The VehiCROSS was originally unveiled as a concept vehicle at the 1993 Tokyo International Auto Show. Its ultimate Japanese production release in 1997 was notable in that the production vehicle arrived with very few design changes and in a very short time. This feat was accomplished through the use of inexpensive ceramic body-stamping dies and the reuse of readily-available Isuzu parts. The truck was intended to showcase Isuzu's off-road technology, and is one of the few vehicles to ship with monotube shocks with external heat-expansion chambers, a technology normally reserved for off-road motorcycle racing.

== Recognitions ==
The VehiCROSS's design won the 1999 Russian Spirit of Time Award by the Russian Design Confederation (presented to Isuzu at the 1999 Russian International Motor Show).

Motor Trend featured the VehiCROSS on its May 1999 cover, and included it in its "Top 10 Sport Utilities" for Most Unique Styling.

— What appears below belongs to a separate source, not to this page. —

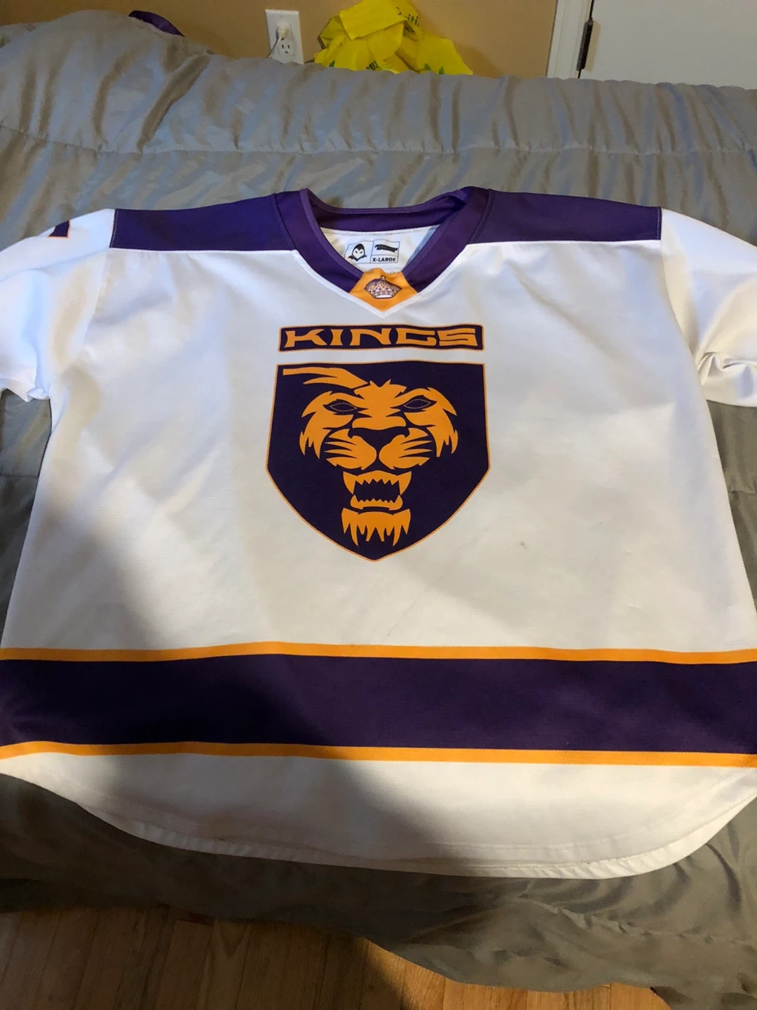 Selling a Phantom Sports Kings hockey jersey in size X-Large. It's white with purple and orange accents and features the number 66 on the back and sleeves. The Kings logo is prominently displayed on the front.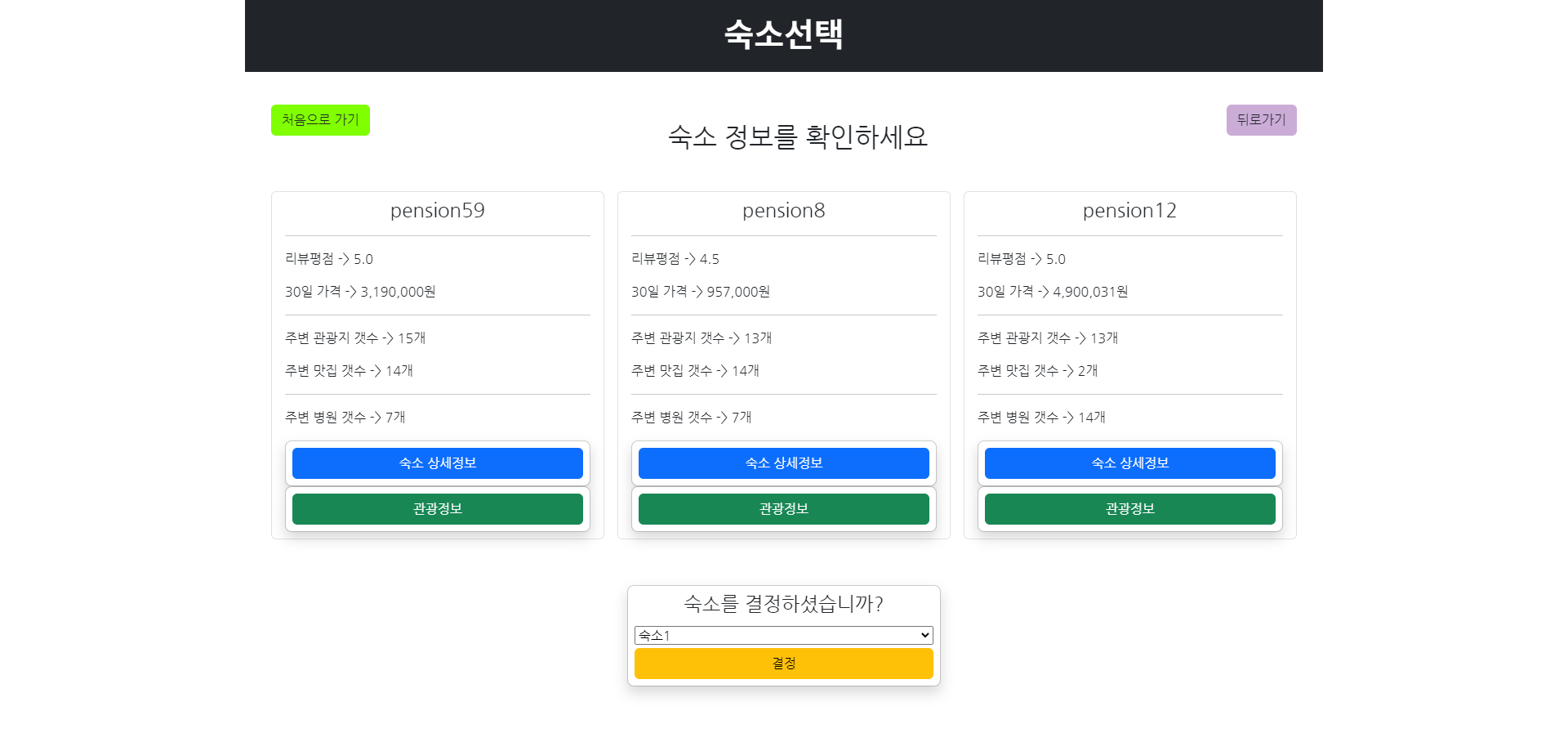 b. back-end - 선호 결과 db / 숙소 db / 편의시설 정보 db 를 통해 정보제공 / 지도 시각화 -> select_pension_views

Four Wheeler featured the VehiCROSS as the "First Runner Up" for Four Wheeler of the Year in 2000 behind the Tahoe Z71; when pitted against: Chevrolet Tahoe Z71, GMC Yukon, Nissan Xterra, Ford Excursion and Mitsubishi Montero Sport. The VehiCROSS scored highest of all 6 Mechanically, for Trail Performance and Highway Performance.

== Derivative versions ==
Both a concept four-door version (VX-4) and a roadster (VX-O_{2}) were shown at the 2000 Los Angeles International Auto Show, but neither reached production. Both of these concepts were donated to the Petersen Automotive Museum in Los Angeles in late 2008. Both were later returned to Isuzu when the Petersen Museum renovated. Isuzu had to destroy the vehicles for legal reasons in 2017.

The VehiCROSS was also used by Austin Robot Technology as foundation for robotic VX in 2005-2007 DARPA Grand Challenge.

== Motorsport ==
The VehiCROSS won both the Stage 2 and 4 Class in the 1998 Paris–Granada–Dakar Rally, and was Class Winner for the 1999 Australian Safari Rally.